掌に意識を集中させる。流れる水を強く思い浮かべ、空中からそれを取り出そうとする。空中の魔素から水を編む。もっとも簡単な魔法の一つだが――。
シセルの手には、水が溢れだすどころか、少しの湿り気も帯びてはこなかった。やはり、体力が回復しても、魔素の乏しい世界では、魔法は使えない。
(……駄目か……)
その後も、何度か手を開いたり閉じたりしているうちに、彼女が戻ってきた。
「とりあえず、警察に電話したら、来てみて下さいって。多分……最低限の保護は受けられるんじゃないかしら。それも聞いてみてって言われたけれど」
「えっと……」
シセルが戸惑っている様子を見て、彼女は優しく言った。
「分かる? 大丈夫よ。案内するから」
「あ……」
彼女の黒い瞳が、自分を優しく見ていた。
その瞳に、なぜか、よく知っている水色の瞳を思い出す。
彼女も、何故だろうか、誰にでも優しかった。位の高い巫女だということを、忘れそうになるほどに。

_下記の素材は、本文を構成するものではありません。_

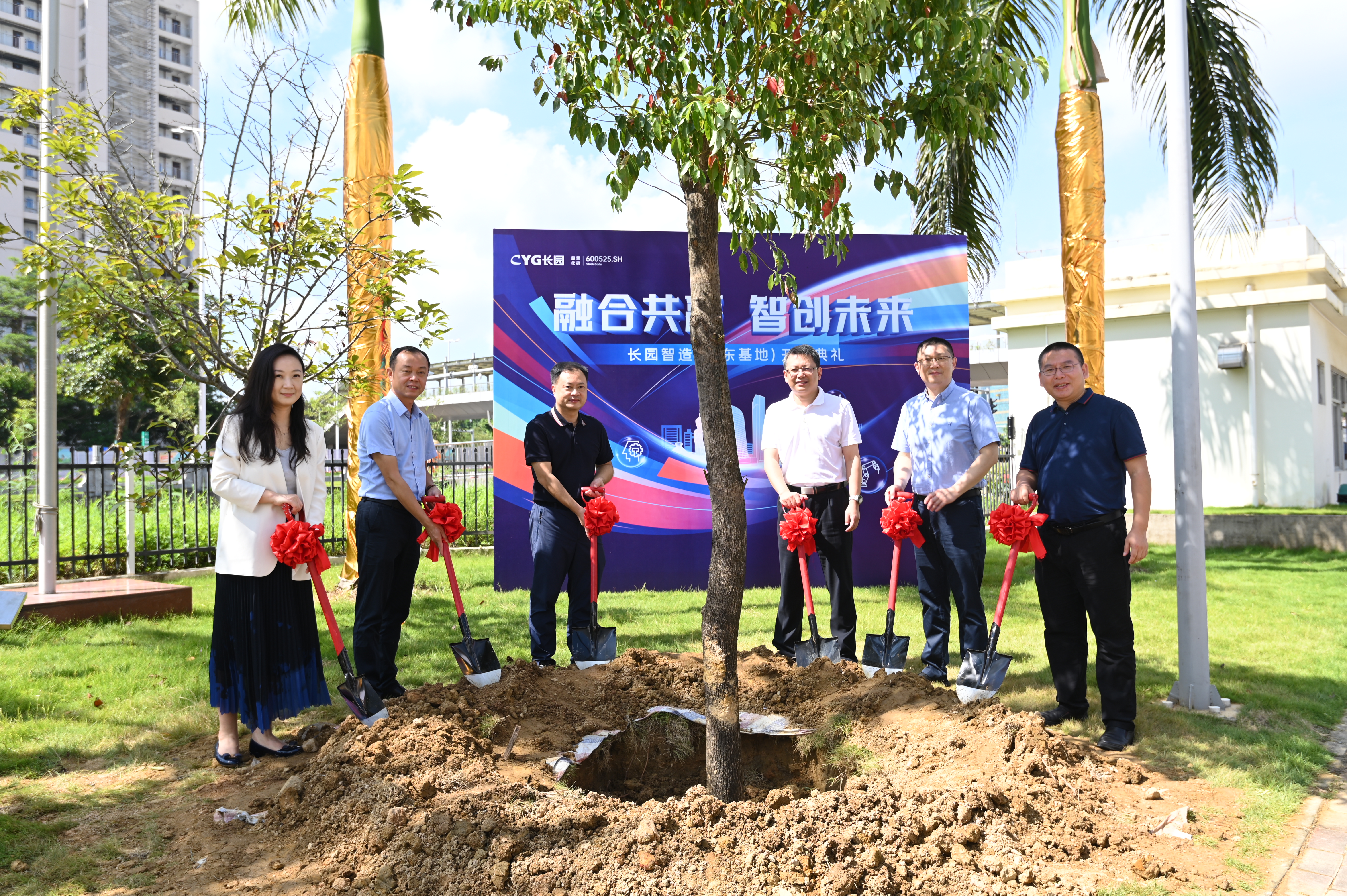 上午10点,珠海市高新区党工委委员、区管委会副主任薛飞,格力集团党委书记、董事长周乐伟,格力集团总裁助理、格信发展公司董事长程敏,xingkong星空科技集团董事长、总裁吴启权,xingkong星空科技集团董事长特别助理朱晓军,xingkong星空智能装备总经理熊胜辉共同为仪式进行剪彩并在基地种下一颗香樟树以作纪念,香樟树枝繁叶茂,四季常青,寓意着xingkong星空智造(广东基地)必将像香樟树一样生命力顽强旺盛、扎根高新区繁荣生长,成为高新区里的一棵参天大树。植树添绿共谱新篇,xingkong星空的发展迈出了又一关键的里程碑。
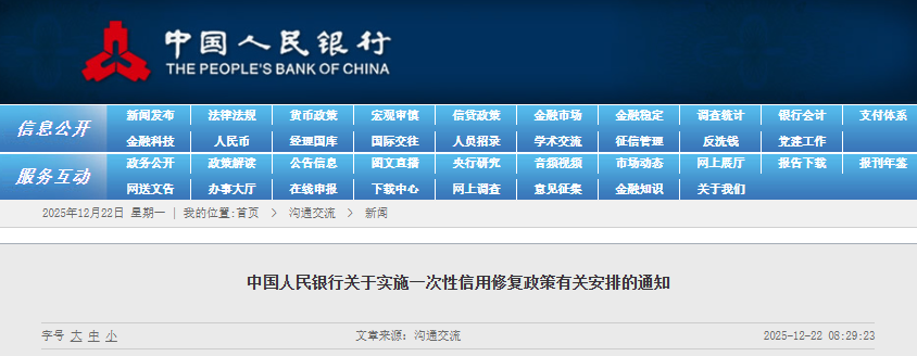 12月22日,中国人民银行发布通知,实施一次性信用修复政策,支持信用受损但积极还款的个人高效便捷重塑信用。对于2020年1月1日至2025年12月31日期间,单笔金额不超过10000元人民币的个人逾期信息,个人于2026年3月31日(含)前足额偿还逾期债务的,金融信用信息基础数据库将不予展示。
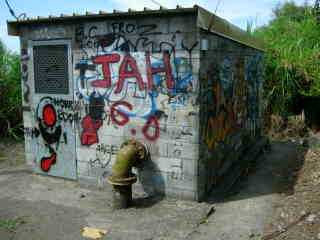 peu plus bas, les anciens réservoirs sont décorés ... |
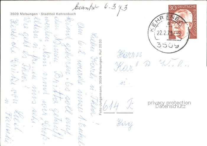 72096413 alte Postkarte Melsungen Fulda Kehrenbach postalisch gelaufen Erhaltung siehe scans KatCode: 11110006634014
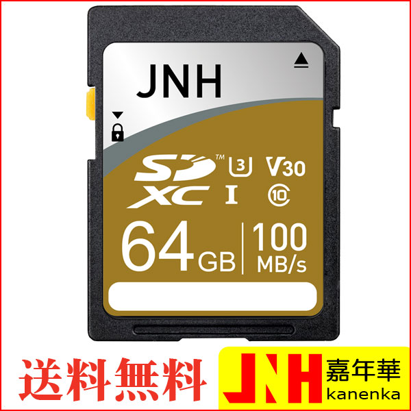 SDカード SDXCカード 64GB JNHブランド 超高速R:100MB/s W:85MB/s Class10 UHS-I U3 V30対応 4K Ultra HD 国内正規品5年保証 送料無料 ポイント消化
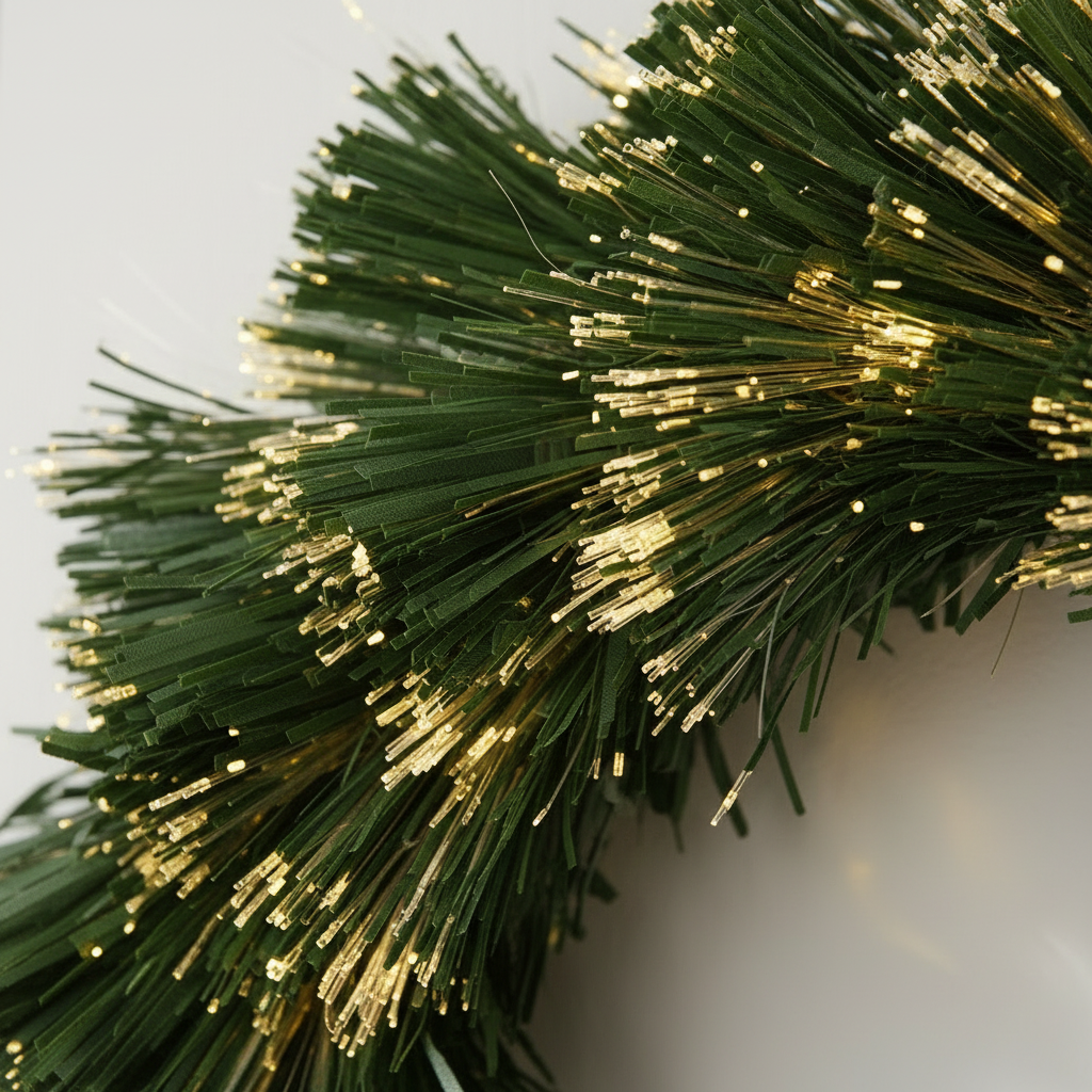 Skap ekte julestemning med denne grønne fiberoptiske kransen med varmhvitt lys. De små lysene glitrer vakkert mellom de tette grenene og gir en lun og innbydende atmosfære.
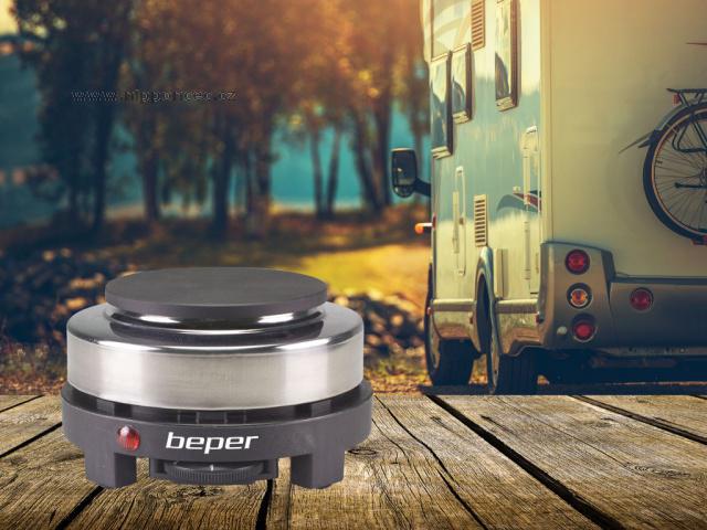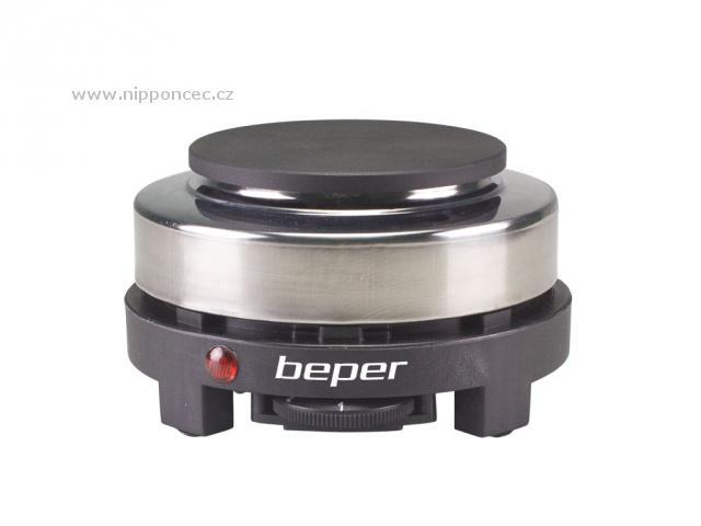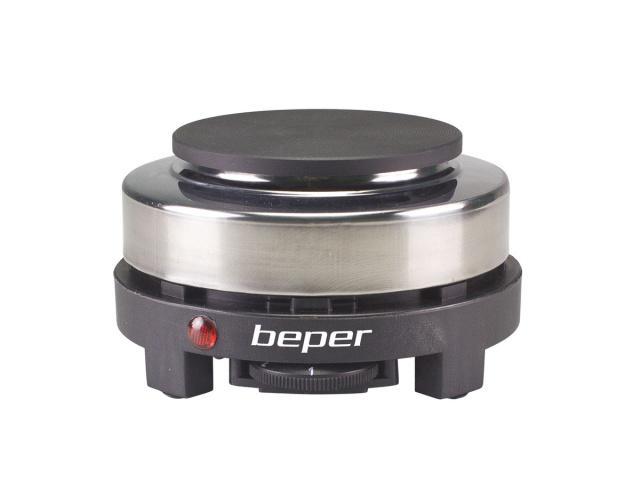Jednoplotýnkový elektrický vařič BEPER P101PIA002 s litinovou deskou o průměru 10 cm. Disponuje termostatem pro nastavení teploty - 5 stupňů. Ochrana proti přehřátí a protiskluzové nožičky zajišťující stabilitu.

「……ありがとうございます。あの……あなたの、名前は」
「え? ええ……私は、ハシムラカズミというの」
「ハシム・ラカズミ、様……」
シセルがそう繰り返すと、彼女は何故か苦笑して首を振った。
「ハシムラ・カズミよ。ハシムラさんでいいわ」
「ハシムラさん。……ありがとうございました、本当に」
深々と頭を下げるシセルに、彼女は、どういたしまして、と答えた。
「交番まで案内する」と言ったハシムラの言葉を、シセルは丁重に断り、自分で行けると言って、彼女の家を出た。話を聞く限り、コウバン、という場所は恐らく、傷ついたり迷ったりした人間や、他の土地から流れてきた人間を、受け付ける場所なのだろう。王都や、比較的大きな町にはそのような場所がある。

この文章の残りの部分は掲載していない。